There were pockets of heat even there: Lim highlighted that Kebun Baru Ridge’s 3-room flats were 22.9 times oversubscribed among second-timer families, likely families with young children drawn by the proximity to CHIJ St Nicholas Girls’ School and a waiting time of about three years and one month.

In Sembawang, first-timer family application rates for Sembawang Portico and Sembawang Brook fell below one across all 3-room and larger flat types as of 5pm on closing day. Lim called the measured demand unsurprising: both sites are a distance from Sembawang MRT, nearby amenities are still thin, and close to 4,000 flats have already been launched in the town this year, with another 1,310 units coming in October. Yip added that the shorter waiting times, under three years for 2,035 of these flats, did not sway applicants. SRI’s head of research Mohan Sandrasegeran drew the practical conclusion: for first-timer families who care most about ballot success, Sembawang offered unusually good odds.

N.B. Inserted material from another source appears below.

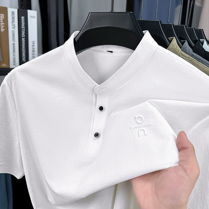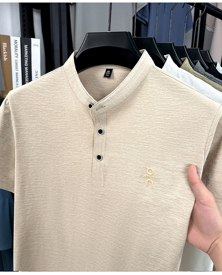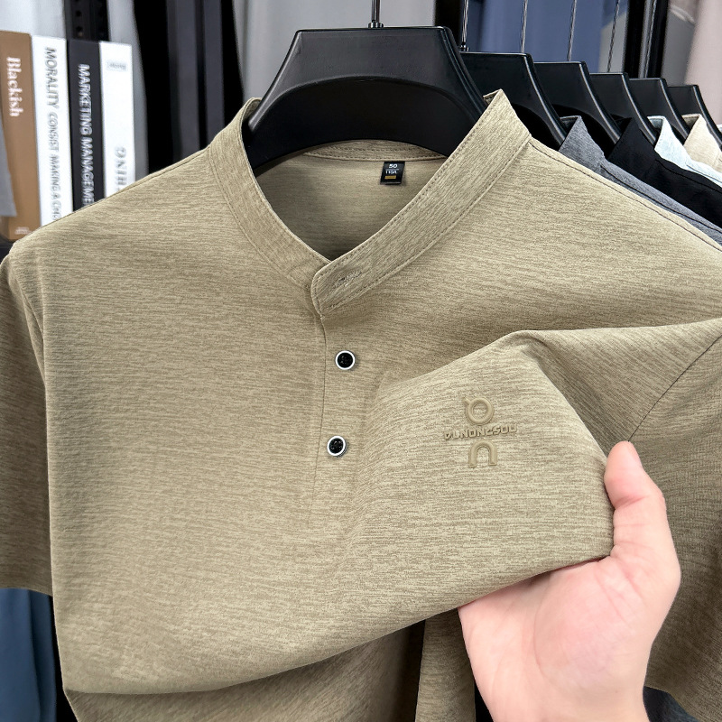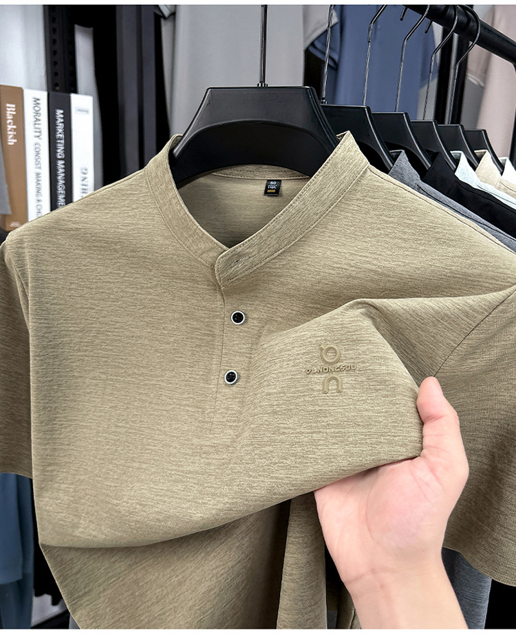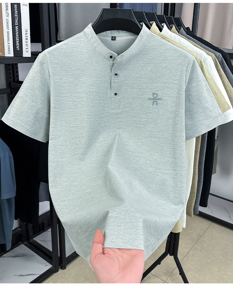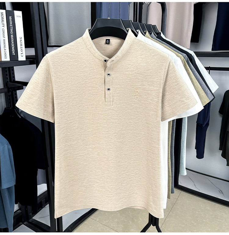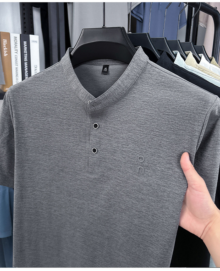 Мужская футболка с коротким рукавом, летняя 2025, поло с воротником-стойкой, однотонная, футболка для папы, полурукав

Sun also flagged a surprise: Woodgrove Acres in Woodlands outperformed the two Ang Mo Kio projects despite a weaker location, suggesting the long MOP and higher Plus prices deterred buyers more than distance did.

What this means for you

  • Application rates are your single best odds tool. An undersubscribed flat type (rate below 1) means more flats than first-timer applicants, so selection is close to assured. HDB itself advises applying to projects with rates around one or lower, and updates the portal several times daily during each exercise.
  • The crowd pays for location twice. At 4.5 to 4.7 applications per flat, most Berlayar Rise and Lakeview Cascadia applicants walked away empty-handed, and those who succeed accept a 10-year MOP plus subsidy recovery on resale. That trade can still be worth it for a long-term home; it is a poor fit if flexibility matters to you.
  • Value hunters got rewarded in June. A 4-room at Sembawang Portico or Brook started from about $302,000 before grants, or roughly $222,000 after the maximum Enhanced CPF Housing Grant, with some waits under three years and near-certain ballot success.
  • October changes the calculus. The next exercise brings about 7,960 flats, including likely Prime projects in Bayshore and Toa Payoh. If June is a guide, those will be heavily contested while Sembawang’s October batch and Tengah should again offer strong odds.

Sources

Market commentary dated 7 July 2026. Conditions change; verify figures against the primary sources above before acting. This is general information, not financial advice.